Monday 23 March 2009

There's no better time for procrastination than when you should be doing something else...

Well, well, two blogs in a week I bet you think that's pretty clever, don't you boy?
And if anyone get's that obscure reference, I'll buy them a chupachup.

A few days ago Caroline's bike got a flat tire.
Another beautiful feature of life in Beijing is that handymen hang out on street corners. They have little mobile workshops that can cut keys, repair shoes and other leather goods and fortunately for us; bikes too.
After spending about 45 minutes wheeling Caroline's bike all over the 'hood past three unoccupied handyman sites, I found one approximately 5 minutes from the door.

Anyway, he deftly identified the problem, whipped the valve out, shortened it with a very sharp piece of metal and pumped the tire back up again. He wanted something that on two hearings sounded like baisa, he must have had a strong provincial accent I guess.
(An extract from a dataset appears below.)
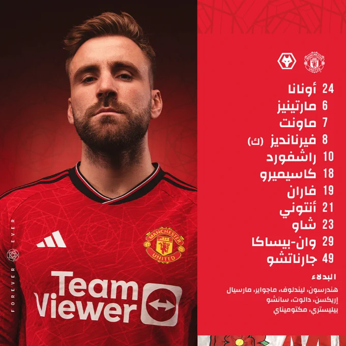 وكان الهولندي إيرك تين هاج تشكيل فريقه لمواجهة نظيره وولفرهامبتون، في ختام الجولة الأولى لمسابقة الدوري الإنجليزي الممتاز موسم 2023-2024.

So I gave him Y20 (take off a zero for €/£) note in the hope it wouldn't be too small. It wasn't, he asked if I had anything smaller, so it must have been less than ten. However I figured since I was happy with the job and would have paid more, Y20 was a fair price.
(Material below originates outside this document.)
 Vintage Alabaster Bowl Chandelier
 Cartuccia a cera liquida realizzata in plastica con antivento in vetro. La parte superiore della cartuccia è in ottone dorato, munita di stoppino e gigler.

Anyway, just a little detour to explain how easy it can be to get some otherwise awkward tasks done when there is a huge amount of labour knocking around.

I am currently toiling away with 3 jobs, so free time is scarce, hence the reduced number of blog posts. 2 Universities and 1 micro finance / sustainable enterprise if you're interested.

I had lunch with a student last week, during office hours when we meet up to talk about any academic questions they might have.
However, when we actually met she'd worked out the questions for herself and generally just wanted to gossip.
There was some vaguely salacious rumours about other lecturers, but I'm not too interested in that stuff, so mostly dismissed it.
However, she did mention something I thought that was quite interesting.
The students at my college have a lower college entrance exam score, so essentially their parents have to pay to get them on a course that includes foreign study.
So these kids tend to be the progeny of the relatively / very wealthy.
Sometimes see them driving round in luxury 4x4s, don't forget that for the many, China remains a developing country.

The rest of the students at the university are considerably poorer, representing as they do a cross-section of Chinese society.

So, apparently the rich kids think that sometimes when they go in the lecture theatre after the 'poor' kids, it sometimes "smells a bit funny".
However, they also know that all of those kids are there on merit and scored considerably higher in their exams.
It kind of levels out the playing field I think and stops the rich kids from being too snobby.
You should see the blackboard sometimes when we have a class after the boffins (that ones for you dad :-)
I often can't understand a word that's on there.
It is in Chinese of course...
No I jest, last week sometime they had been teaching astrophysics, in English! Measuring quarks, black holes and cetera.

So I'll end on this happy note:
The people with the top 5% of IQ in China outnumber every single person in the UK.